Rating: D
Dir: Guto Parente
Star: Tavinho Teixeira, Ana Luiza Rios, Pedro Domingues, Zé Maria
If you want an example of how not to include social commentary in your horror movie, this would be it. Maybe it comes off with considerably more subtlety and/or relevance in its native Brazil. But this makes its point with absolutely no style or grace, then sits back and smugly rests on what it believes are its laurels for the next hour. The sole, significant idea this has to offer, is the rich are literally eating the working-class. That’s it. If you’re wondering how this concept can be stretched out to sustain a feature length movie… I’m here to tell you, it can’t. Ten minutes of content in an 80-minute film, folks.
The focus is on wealthy husband and wife, Otavio (Teixeira) and Gilda (Rios), whose relationship is carnivorously open. By which, I mean, she has sex with the pool-boy, who then gets an axe in the back of the head, and becomes tacos. They then find a replacement for the position, somebody without family to miss them, and the cycle repeats. They are also part of the titular society, under the leadership of Congressman Borges (Domingues), which has gatherings where the live sex show performers turn into rodízio. At one of these, Gilda sees something she’s not meant to, and we already know Borges’s zero-tolerance policy towards any hint of compromise. Suddenly, new handyman Jonas (Maria) may be Otavio and Gilda’s best hope of surviving the wrath of Borges, rather than becoming a selection of freezer packs.
It’s not exactly a new concept, but the way it is handled here, makes the final fifteen minutes of Society look like a masterpiece of understatement. None of the characters ever become even slightly more than caricatures, even the one with whom it feels you’re expected to empathize, in Jonas. He is little beyond a plot device on legs. Instead, we get endless sequences, intended to drive home what utter bastards rich people are. This reaches its ultimate overkill in the speech Borges gives to the assembled club members, a frothing rant about “delinquents. pederasts and filthy scum that should be smashed under our feet”. It sounds like a parody of how /r/politics thinks everyone on the right actually speaks.

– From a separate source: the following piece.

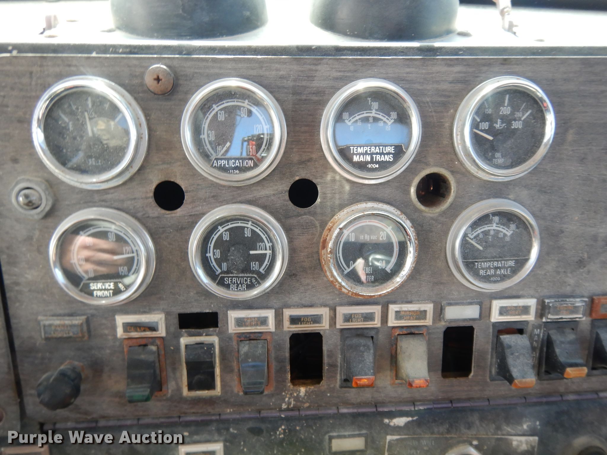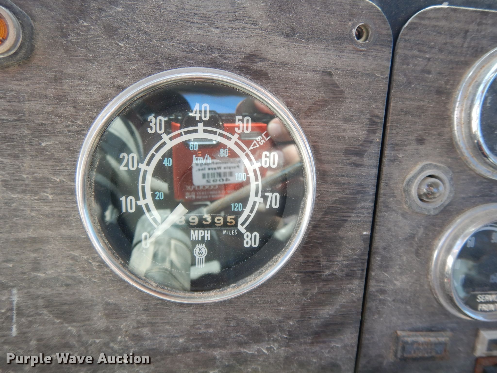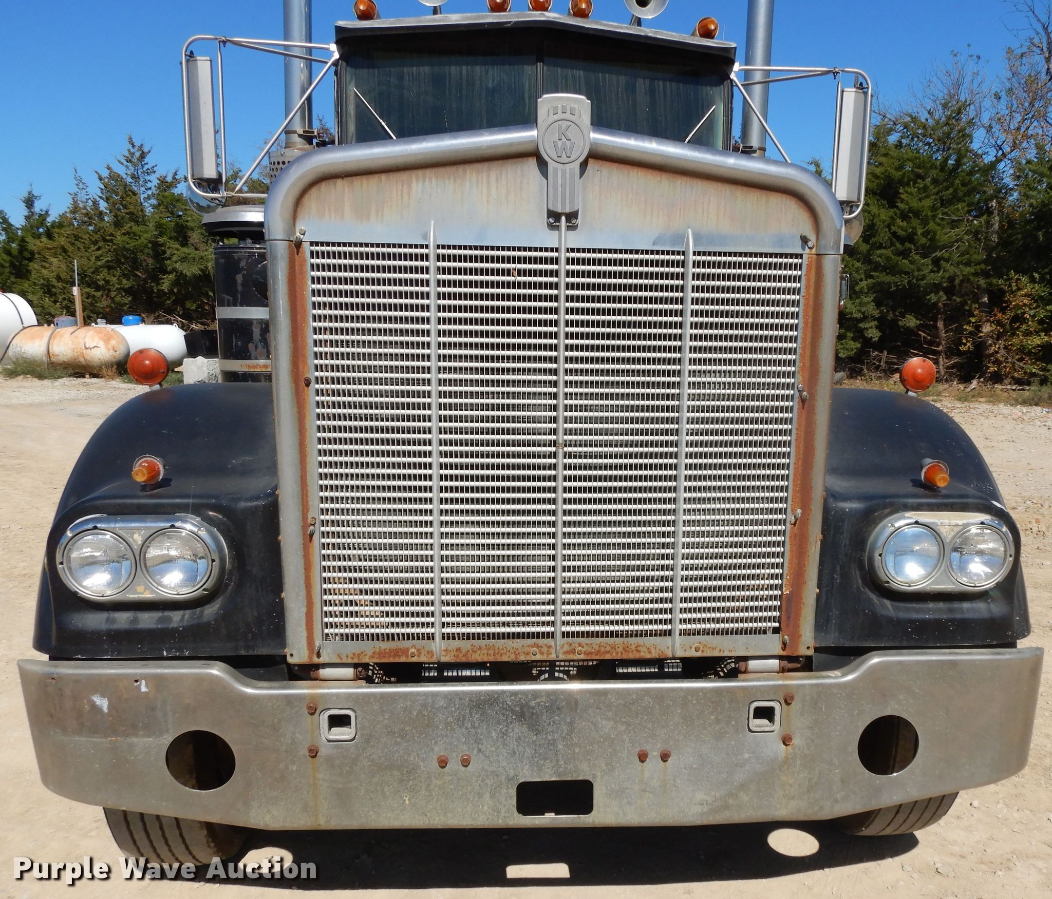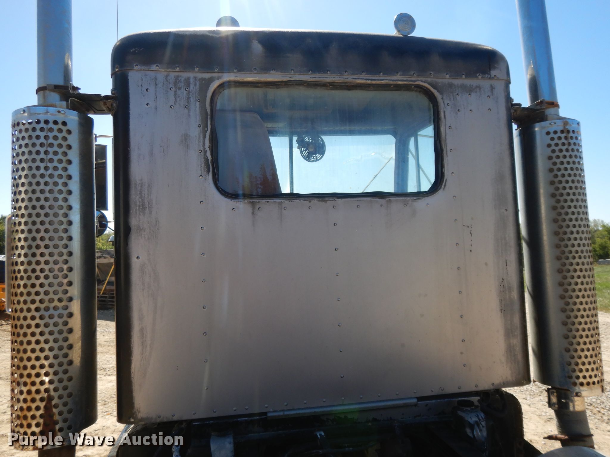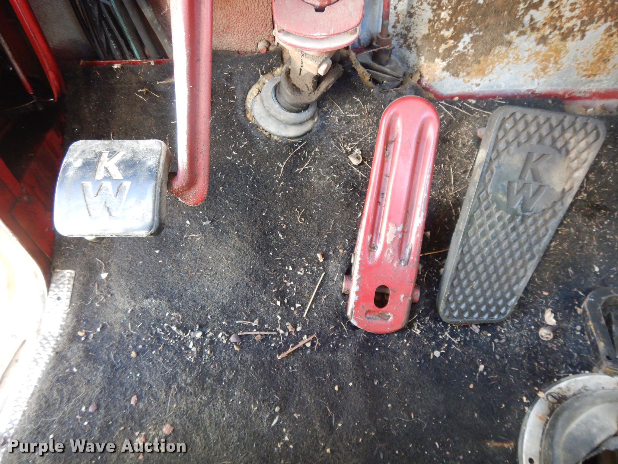 1980 Kenworth W900 semi truck. 289,395 miles on odometer. Engine Cummins, Cylinders: 6, Fuel type: Diesel. Transmission Eaton Fuller, Manual, Speed: 10. Chassis Axles: Tandem, Differential lock: Inter-axle, Suspension: Air, Brakes: Air, Wheelbase: 222". Interior Heat, Heated mirrors. Operational Fifth wheel type: Air operated, Fuel tank: Dual. Tires Front: 285/75R24.5, Rear: 275/80R24.5. Notes Windshield chipped or cracked. Kansas antique title. 184187S. Price Excavating. Baldwin City, KS 66006
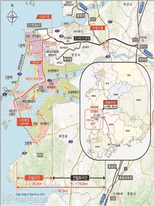 [하우징포스트=오명근 기자] 국토교통부가 12일 새만금항 인입철도 건설사업의 기본계획을 확정·고시했다. 새만금 신항만과 익산을 48.3km 철도로 연결하는 이 사업은 2033년 하반기 개통을 목표로 추진되며, 서해안 생활·물류축을 강화하는 기반 인프라로 평가된다. ◆ 48.3km 단선전철…전액 국비 1조5,859억원 투

For a film “about” cannibalism (at least, in a loose sense), it’s surprisingly restrained, at least on the violence side. On the other hand, Parente does not skimp on the sex and nudity – it took some time to locate the relatively tasteful still, top. To be honest though, I would have been willing to trade some of that, for an approach to the material which was more than a superficial skim across the surface of the class struggle this provides. While well enough polished technically, it’s the kind of idea created in the students’ union of a lefty polytechnic at 1 in the morning, after too many Fair Trade cocktails. As subtle as an axe to the back of the head, that is likely where the idea should have stayed.